Raw data =
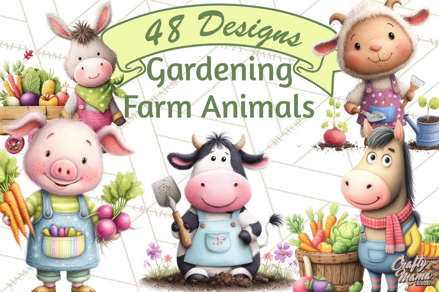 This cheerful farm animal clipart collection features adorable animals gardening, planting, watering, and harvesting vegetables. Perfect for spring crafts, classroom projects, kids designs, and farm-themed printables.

* * *

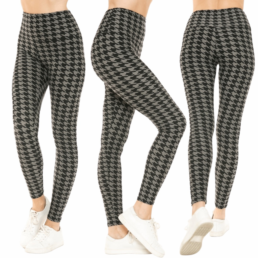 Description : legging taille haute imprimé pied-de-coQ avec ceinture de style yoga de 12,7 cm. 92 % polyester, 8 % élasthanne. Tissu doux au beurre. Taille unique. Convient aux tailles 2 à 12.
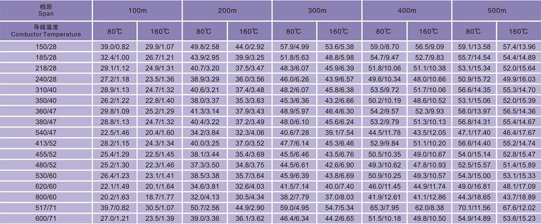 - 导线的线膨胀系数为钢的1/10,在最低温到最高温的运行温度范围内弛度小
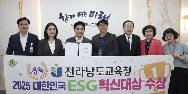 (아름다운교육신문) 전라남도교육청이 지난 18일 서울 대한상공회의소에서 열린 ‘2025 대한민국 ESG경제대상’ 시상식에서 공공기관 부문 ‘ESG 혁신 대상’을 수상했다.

What the task requires = Pictures aside, return exactly the lines from the data above, starting at the line that has "- 导线的线膨胀系数为钢的1/10,在最低温到最高温的运行温度范围内弛度小" and ending at the line that has "(아름다운교육신문) 전라남도교육청이 지난", both included.

Finished exercise =
 - 导线的线膨胀系数为钢的1/10,在最低温到最高温的运行温度范围内弛度小
 (아름다운교육신문) 전라남도교육청이 지난 18일 서울 대한상공회의소에서 열린 ‘2025 대한민국 ESG경제대상’ 시상식에서 공공기관 부문 ‘ESG 혁신 대상’을 수상했다.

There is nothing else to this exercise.